Benzer şekilde açılan Halkevlerinin bazıları çok farklı faaliyetlerle günden güne gelişirken, bazıları da neredeyse hiçbir faaliyet yürütmeyerek sönük kalmışlardır. Nitekim Siirt Halkevi için böyle bir değerlendirme yapmak yanlış olmaz. Çünkü Siirt Halkevi de 1946 yılına kadar neredeyse hiç varlık gösterememiş

ve bu yüzden de hep geri planda kalmıştır. Siirt Halkevi, 1945’e kadar sahip olduğu mevcut imkansızlıklar yüzünden hemen her sahada geri kalmış olup, ancak olumsuz olarak ifade edilebilecek bu durum bu dönemde Halkevi başkanının değişmesiyle adeta tersine dönmüştür. Öyle ki başkan tayin edilen Dr. İsmail Hakkı Erollu gerekli tamiratı yaptıktan sonra spor, gösterit ve köycülük şubelerini harekete geçirmiş, okuma odası ve sahne yaptırmıştır. Bu tarihten sonra 15 günde bir gösteriler yapılmaya başlanmış, köycülük ve spor kalkınmalardan faydalanılmış, bölgede büyük bir tahribata sahip, sıtma, trahom ve frengi gibi hastalıklarla mücadele edilmiştir. Geceli gündüzlü çalışan başkan, ilçenin sağlık işlerinde tahmin edilenin üstünde başarı göstermiştir(BCA, 490.01/843.332.1).

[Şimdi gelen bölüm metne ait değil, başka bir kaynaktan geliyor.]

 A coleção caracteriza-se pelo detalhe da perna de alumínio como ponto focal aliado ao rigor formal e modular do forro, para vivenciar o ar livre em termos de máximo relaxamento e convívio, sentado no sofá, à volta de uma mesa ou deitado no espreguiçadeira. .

Siirt Halkevi, 1934 yılında açıldığında Dil, Tarih, Edebiyat Şubesi; Spor Şubesi; Güzel Sanatlar Şubesi ve Temsil Şubesi olmak üzere dört şubeyle faaliyetlerine başlamıştır. Bu şube kollarında başkanlık yapan ve bu kollara üye olan kişilerin büyük bir çoğunluğu eğitimci ve devlet memuru idi(Olgun, 2013: 290).

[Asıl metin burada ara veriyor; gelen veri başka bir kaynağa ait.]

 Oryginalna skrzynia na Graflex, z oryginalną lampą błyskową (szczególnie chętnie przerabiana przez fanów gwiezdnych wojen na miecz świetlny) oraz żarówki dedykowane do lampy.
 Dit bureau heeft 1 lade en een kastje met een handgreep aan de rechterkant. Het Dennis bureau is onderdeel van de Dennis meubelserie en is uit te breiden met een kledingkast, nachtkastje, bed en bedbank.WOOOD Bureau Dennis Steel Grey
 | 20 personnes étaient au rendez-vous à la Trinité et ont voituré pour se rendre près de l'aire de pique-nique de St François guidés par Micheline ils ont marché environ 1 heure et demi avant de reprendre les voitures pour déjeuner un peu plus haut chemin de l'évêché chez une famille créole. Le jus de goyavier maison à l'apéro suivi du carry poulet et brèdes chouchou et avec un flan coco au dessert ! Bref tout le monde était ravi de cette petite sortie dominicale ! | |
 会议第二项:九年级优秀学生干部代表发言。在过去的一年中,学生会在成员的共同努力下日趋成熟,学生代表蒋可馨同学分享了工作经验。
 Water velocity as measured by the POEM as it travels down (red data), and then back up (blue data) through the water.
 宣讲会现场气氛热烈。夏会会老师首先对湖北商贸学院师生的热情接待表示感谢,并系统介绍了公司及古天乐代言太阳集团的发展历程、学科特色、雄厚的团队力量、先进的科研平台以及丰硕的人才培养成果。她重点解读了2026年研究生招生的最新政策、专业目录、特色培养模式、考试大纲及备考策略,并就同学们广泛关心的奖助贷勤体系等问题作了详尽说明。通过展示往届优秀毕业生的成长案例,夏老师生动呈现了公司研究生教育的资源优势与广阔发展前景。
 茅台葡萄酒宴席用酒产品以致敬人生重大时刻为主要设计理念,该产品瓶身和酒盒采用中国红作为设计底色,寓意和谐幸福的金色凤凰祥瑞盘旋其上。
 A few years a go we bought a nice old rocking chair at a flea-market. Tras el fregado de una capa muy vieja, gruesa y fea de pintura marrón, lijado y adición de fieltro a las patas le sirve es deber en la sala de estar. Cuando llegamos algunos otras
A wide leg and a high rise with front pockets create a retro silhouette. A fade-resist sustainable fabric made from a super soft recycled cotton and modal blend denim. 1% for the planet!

Siirt Halkevi, 1937 yılında çalışmayan şubelerini de kurarak dokuz şubesiyle çalışmalarını sürdürmeye devam etmiştir(Olgun, 2013: 291).1935 yılında yapılan tespitler neticesinde Halkevinin kayıtlı üye sayısı 371’i erkek, 15’i kadın olmak üzere toplamda 386 iken, 1942 yılına gelindiğinde muhtelif şubelere üye olanların sayısı 32’si kadın 927’si erkek olmak üzere toplam 959’a ulaşmıştır(Olgun, 2013: 291). Buradan hareketle Halkevi şube kolları sayısının artırılmış olmasıyla hem Halkevine hem de Halkevi faaliyetlerine katılanların sayısının hızlı bir şekilde artmasını sağlamıştır tespiti yapabiliriz. Farklı şekilde Siirt Halkevi’ne üye olan kadın erkek oranlarından anlaşılacağı gibi erkekler söz konusu yapının faaliyetlerine daha yoğun bir rağbet göstermişlerdir. Bu durumun başlıca nedenleri ise; bölgenin örf ve adetleri, okur-yazar oranının düşük olması ve sosyo-kültürel gelişmişlik düzeyinin düşük olması şeklinde sıralanabilir.